Mary Schmidt Campbell '69
Mary Schmidt Campbell, you are a tireless champion of artists and the arts, a powerful educator, an esteemed scholar, and a visionary interpreter of the role of artistic expression in our cultural, ethical, and political lives.
President Bloom's complete charge.
Faculty and staff of Swarthmore College, family and friends of the graduates, fellow honorary degree recipients, and dear friends, Jim Hormel and President Al Bloom, I am honored to be here this morning to offer my congratulations to the Class of 2009 and to receive an honorary degree from my alma mater. Class of 2009, you celebrate a milestone, the end of your college career at one of the world's most demanding and intellectually rigorous institutions. This morning, I, too, celebrate a milestone, the 40th anniversary of my graduation from Swarthmore College in 1969. What I offer you this morning are some observations about what I have learned in the past 40 years about the value of a Swarthmore education.

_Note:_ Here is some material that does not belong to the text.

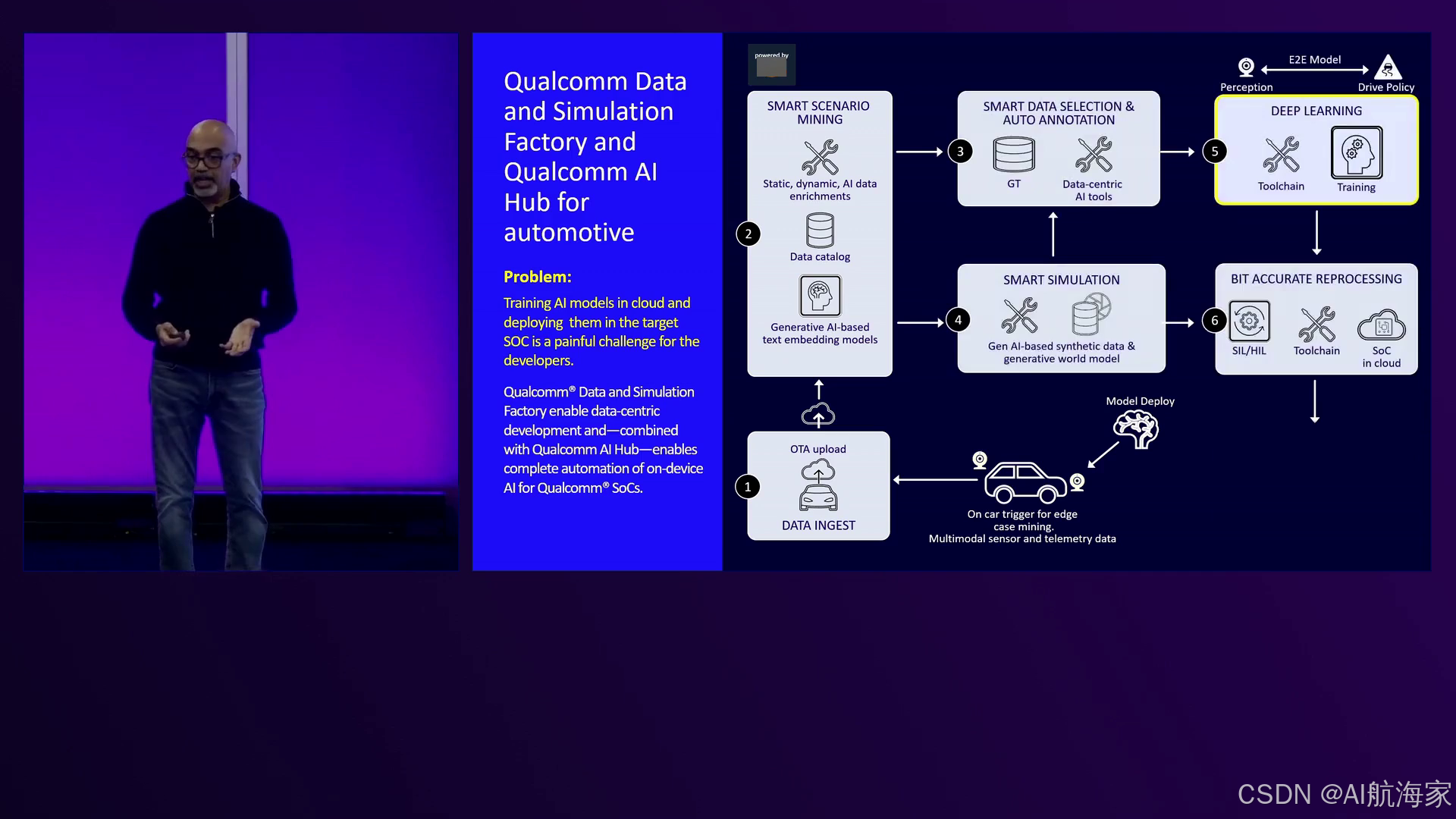 Palgat阐述了这一用例的数据驱动管道,其中汽车检测到的边缘案例或异常会被整合到云端,进行场景挖掘、数据丰富和自动标注等高级人工智能技术处理。然后,数据通过深度学习管道,涉及Qualcomm AI Hub进行设备量化、使用云端Qualcomm SoC进行位精确测试,以及高级分析来评估模型性能。

Forty years ago, when I graduated I was angry and disaffected. The world was undergoing radical social and cultural revisions. One of those revisions had been the admission in 1965 of Swarthmore's first class that contained more than one or two Black students — there were 20. The decision was part of a pioneering effort on the part of colleges all over the country to integrate previously segregated campuses. By the time of my graduation, Swarthmore's pioneering effort had experienced a major breakdown. Earlier that year there had been a tense stand off between the college administration and black students, who occupied Parrish in protest of some of the College's policies. During the protest, Swarthmore's president, Courtney Smith, died of a heart attack.
I did not participate in the occupation of Parrish. I did come to my graduation, however, wearing a black arm band, a very large afro, and an even larger sense of disappointment in what I thought at the time was a failed relationship. When graduation was over, I vowed never to return to the campus.

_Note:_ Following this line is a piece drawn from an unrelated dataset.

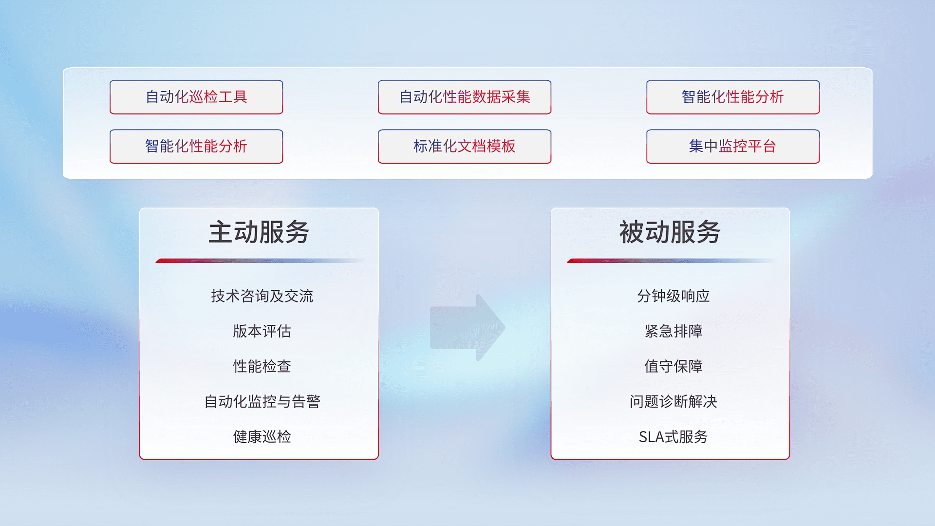 智能化工具和标准化文档,,保障服务质量,,,提供主动服务(包含技术咨询、、、版本评估、、、性能检查、、自动化监控与告警、、、、健康巡检)和被动服务包含(分钟级响应、、紧急排障、、、、值守保障、、、、问题诊断解决、、、、SLA服务)。。

In spite of my self-exile, Swarthmore taught me several powerful lessons.
Lesson # 1. You may desert Swarthmore but Swarthmore will never desert you. I'm convinced the College installs tracking devices in our diplomas. No matter where I moved in the world — whether it was Zambia, upstate New York, the suburbs of New Jersey, or Manhattan, Swarthmore was in touch. As a result, for years, without visiting the campus, I kept close tabs on the College. I could see that the multiple cultural experiences of our country and our world were becoming, rather than a problem to solve, the basis of a rich learning environment for the College.

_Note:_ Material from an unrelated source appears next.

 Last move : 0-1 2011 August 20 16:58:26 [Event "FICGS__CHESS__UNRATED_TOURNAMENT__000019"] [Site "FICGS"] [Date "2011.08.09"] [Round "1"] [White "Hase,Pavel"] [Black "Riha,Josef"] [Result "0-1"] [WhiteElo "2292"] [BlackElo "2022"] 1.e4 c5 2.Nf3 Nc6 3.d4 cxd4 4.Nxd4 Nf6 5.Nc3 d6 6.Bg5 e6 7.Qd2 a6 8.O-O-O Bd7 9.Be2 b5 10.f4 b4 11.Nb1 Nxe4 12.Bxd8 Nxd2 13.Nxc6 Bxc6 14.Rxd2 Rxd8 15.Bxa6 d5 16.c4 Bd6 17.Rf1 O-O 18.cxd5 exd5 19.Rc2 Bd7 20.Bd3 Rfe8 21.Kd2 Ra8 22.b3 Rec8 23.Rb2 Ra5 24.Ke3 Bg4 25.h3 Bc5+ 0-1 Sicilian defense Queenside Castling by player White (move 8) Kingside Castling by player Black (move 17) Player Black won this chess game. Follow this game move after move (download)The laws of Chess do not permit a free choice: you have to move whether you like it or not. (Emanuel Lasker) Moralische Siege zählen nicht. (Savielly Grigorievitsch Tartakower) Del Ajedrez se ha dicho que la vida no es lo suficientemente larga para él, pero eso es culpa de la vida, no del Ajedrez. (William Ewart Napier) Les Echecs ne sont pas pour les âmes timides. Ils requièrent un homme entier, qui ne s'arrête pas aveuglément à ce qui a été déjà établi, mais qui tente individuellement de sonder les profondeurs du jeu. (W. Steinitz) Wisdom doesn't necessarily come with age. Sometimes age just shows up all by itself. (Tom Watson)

Lesson # 2. The Swarthmore quality of mind is sturdy and dependable. I didn't appreciate the value of the Swarthmore quality of mind until I went to work at the Studio Museum in Harlem 30 years ago. As fragile as the economy is today, 30 years ago, NYC was on the verge of bankruptcy. The Studio Museum was then located in a modest loft over a liquor store in central Harlem. Harlem was in ruins. The embryonic museum had no money and as executive director I had never run anything in my life. Nonetheless, a group of artists, curators, and business people believed we could build a major cultural center for artists and scholars who, at the time, were invisible in American culture and, in the process, transform the Harlem community. What sustained me, in large measure, was what I learned in the classroom at Swarthmore. Whether those classes had been in physics or political science, they all taught the Swarthmore quality of mind: comfort with massive amounts of new material and complexity; the capacity to probe deeply and persistently with purposeful focus; the insistence on excellence and integrity. I had never run anything but Swarthmore had equipped me to learn quickly and learn deeply.
Lesson # 3. Institutionally, Swarthmore taught me what it means to stand for something with integrity. What ultimately brought me out of my self-exile (other than the fact that the college recruited Garikai, who of course is now a math professor at Swarthmore and the Associate Dean of Academic Affairs) was the realization that Swarthmore was a place fiercely and actively committed to its values. Especially under Al Bloom's leadership, the College has constantly invited the community to engage in a process of intense, ongoing self-inquiry and critique. President Bloom invented the phrase "ethical intelligence" as a description of what Swarthmore students possess but the same could be said of the institution. As someone who has led not-for-profit, government, and academic institutions, I find the Swarthmore institutional example as potent as its educational model.
The final lesson I have learned these past 40 years is that there is no final lesson. There is no triumphal point at which we will all sit back and declare victory. There are important milestones and markers. Our country's milestone of electing its first African American president is connected, in some ways, to the lessons we learned on campus here 40 years ago. There may be no triumphal victory, but there is always the ongoing conversation. There is always the constant questioning and critiquing in which the College's president, its faculty, administrators, the board, you as students, and now you as alumni participate and which continues to make Swarthmore — the education as well as the institution — so valuable in the world. So, congratulations. Go out, invent a world that, 40 years from now, we could not possibly imagine. You are eminently well qualified to do so.